We don’t run any resource that is specifically designated for sensitive data at this time.
Our resources are all administered following best practices for academic research systems, and we devote considerable effort to ensuring data integrity, confidentiality, and availability. However, none of the resources is formally certified as meeting specific security or privacy assurance levels which may be required for certain datasets. For the most part, we provide shared resources, shared networks, shared nodes, shared memory, and data is not guaranteed to be encrypted at rest. We offer the standard Linux filesystem segregation and access control to files and directories, and our sysadmins do have access to all this material when necessary or when authorized by their owners.
Responsibility for data protection and data privacy rests ultimately with the researcher. Please see Privacy and Data Protection Policy section 5.2, and Terms of Use paragraph 3.12, at https://ccdb.computecanada.ca/agreements/user_index.

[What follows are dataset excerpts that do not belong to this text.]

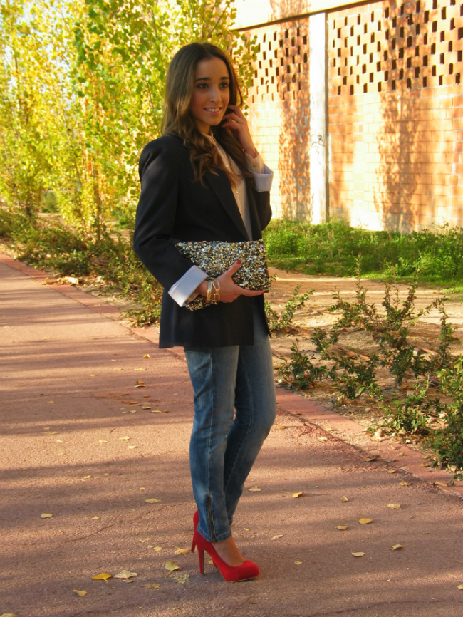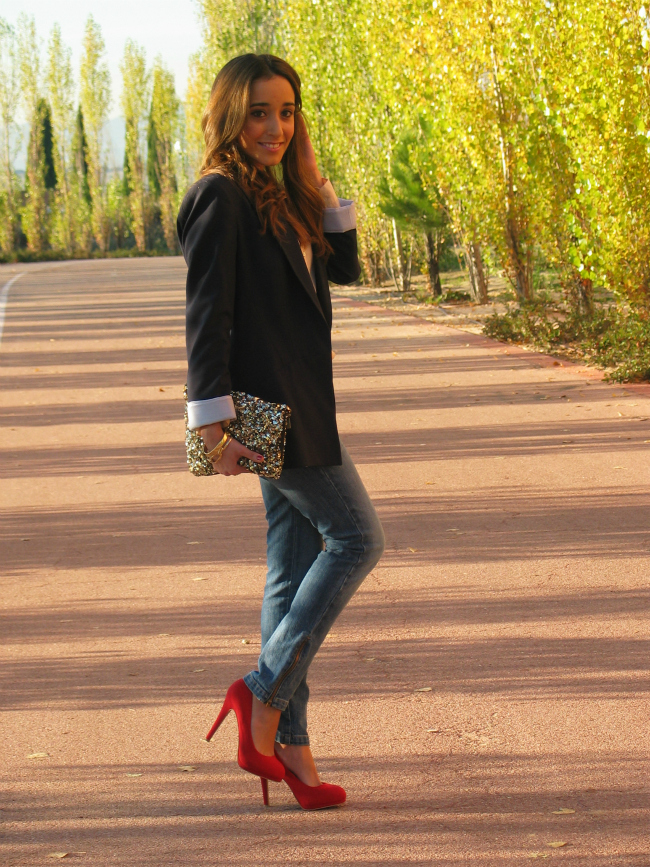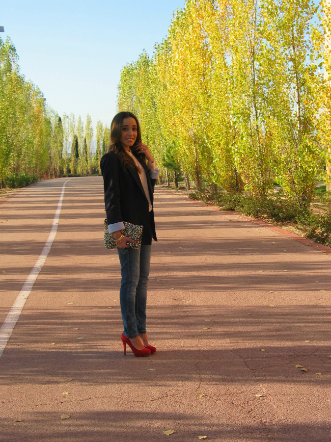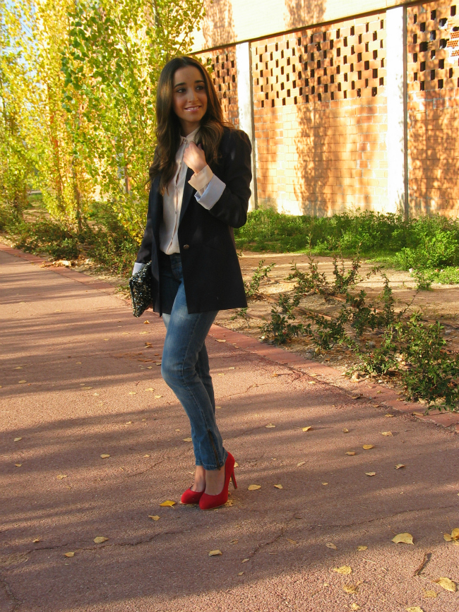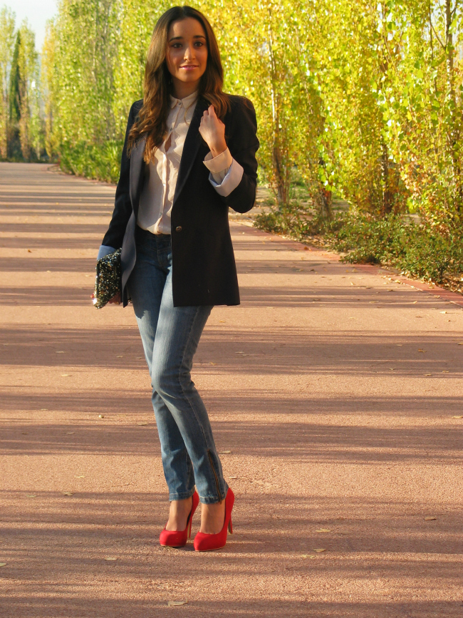 Hoy os dejo un look sencillo, compuesto por una blazer y unos jeans, una combinación que nunca falla, y que a mí me resulta siempre muy socorrida. Lo que más me gusta de este look, son los zapatos rojos, me encanta el toque de color que dan.
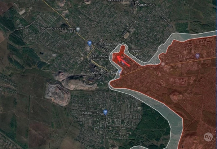 На Торецком направлении в Торецке ВС РФ имеют тактические успехи в центральной части города.
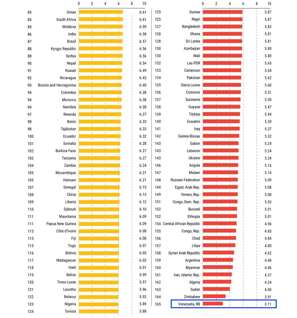 En esta ocasión, Venezuela volvió a ocupar el último puesto del índice (165), alcanzando un puntaje de 3.11 sobre 10. Además, el estudio resalta que el desafío urgente para la economía está asociado con el fortalecimiento de la moneda, dado que fue el indicador donde el país obtuvo su calificación más baja.

Support staff can give some guidance on handling of sensitive data, including advice on access control, storage, and transmission. Please contact technical support for assistance.

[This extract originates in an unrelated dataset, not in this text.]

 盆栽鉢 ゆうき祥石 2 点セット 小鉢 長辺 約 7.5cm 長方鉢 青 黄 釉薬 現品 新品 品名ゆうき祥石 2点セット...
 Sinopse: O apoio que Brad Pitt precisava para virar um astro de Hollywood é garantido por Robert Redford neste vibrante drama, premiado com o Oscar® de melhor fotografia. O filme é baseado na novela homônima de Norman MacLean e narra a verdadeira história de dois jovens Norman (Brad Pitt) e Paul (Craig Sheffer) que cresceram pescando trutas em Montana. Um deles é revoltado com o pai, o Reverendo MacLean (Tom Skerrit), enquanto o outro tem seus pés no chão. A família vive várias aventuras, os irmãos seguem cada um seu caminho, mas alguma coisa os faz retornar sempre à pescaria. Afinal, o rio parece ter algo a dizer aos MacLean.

What does Compute Canada do to protect my data against hardware failure?
Our basic principle is to have some level of duplication for most filesystems. The level of duplication depends on the risk for a potential hardware failure. For example:
- Local storage on compute nodes - where it exists - does not have any form of duplication.

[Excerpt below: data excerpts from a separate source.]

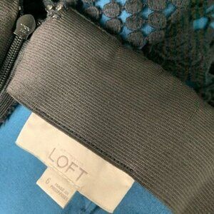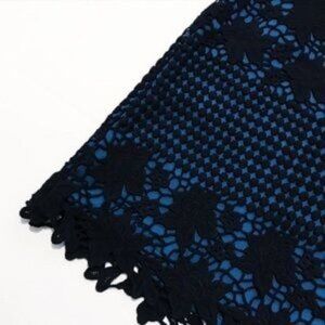 LOFT knit teal/blue A-Line skirt with black floral crochet/lace overlay detail.
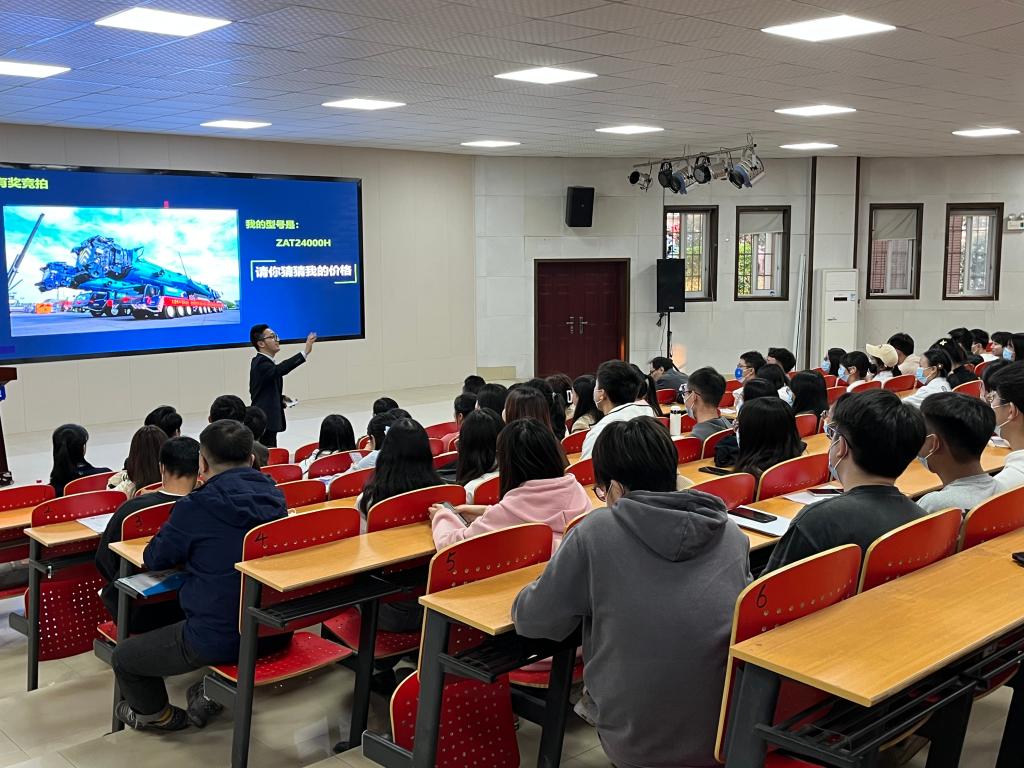 事业部人力招聘主管吴和东以十分有趣的方式与在场的师生进行互动,并通过讲述施工案例让大家更好地了解了起重机行业的基本情况及本公司产品在国内外的销售情况。
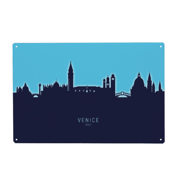 Metall Poster "Venice Italy Skyline Glow Blue" artboxONE - Städte,Städte / Venedig

- Scratch filesystems have high reliability to protect against multiple simultaneous disk failures but do not have a backup.
- Project and home filesystems have high reliability to protect against multiple simultaneous disk failures, and also have periodic backup copies.
- Nearline storage provides duplicate copies of data on tape.
What does Compute Canada do to protect my data against unauthorized access?
There are two primary ways in which unauthorized access to data could happen: hardware and software.
To protect against unauthorized access through hardware, only approved personnel can physically access the infrastructure. Storage devices which are removed due to hardware failure are either destroyed or already encrypted or erased before being returned to the vendor for a replacement.
To protect against unauthorized access through software, all of our clusters use standard POSIX and ACL permissions on their filesystems. Each file has an owner and a group. Default permissions are such that new files created are writable by the owner and readable by the group. The default group of a file may depend on the file’s location on the filesystem. The group of a file may correspond to the research project or to a single user. Ultimately, the owner of a file is responsible for ensuring that it belongs to the desired group and has the appropriate permissions.
Assuming that the intended permissions are set on files, unauthorized access can only happen through privilege escalation (hacks). To protect against such issues, our team monitors for Common Vulnerabilities and Exposures (CVE mailing lists) and applies patches as needed. Our systems are also monitored to detect anomalous behaviour which could indicate intrusions, and privileged accounts - those of our employees - have stricter security requirements than regular users.
Ultimately, our clusters remain shared infrastructure. While we take precautions to minimize the risk of unauthorized access, such a possibility does exist. If your data requires an additional level of protection, you should consider encrypting it.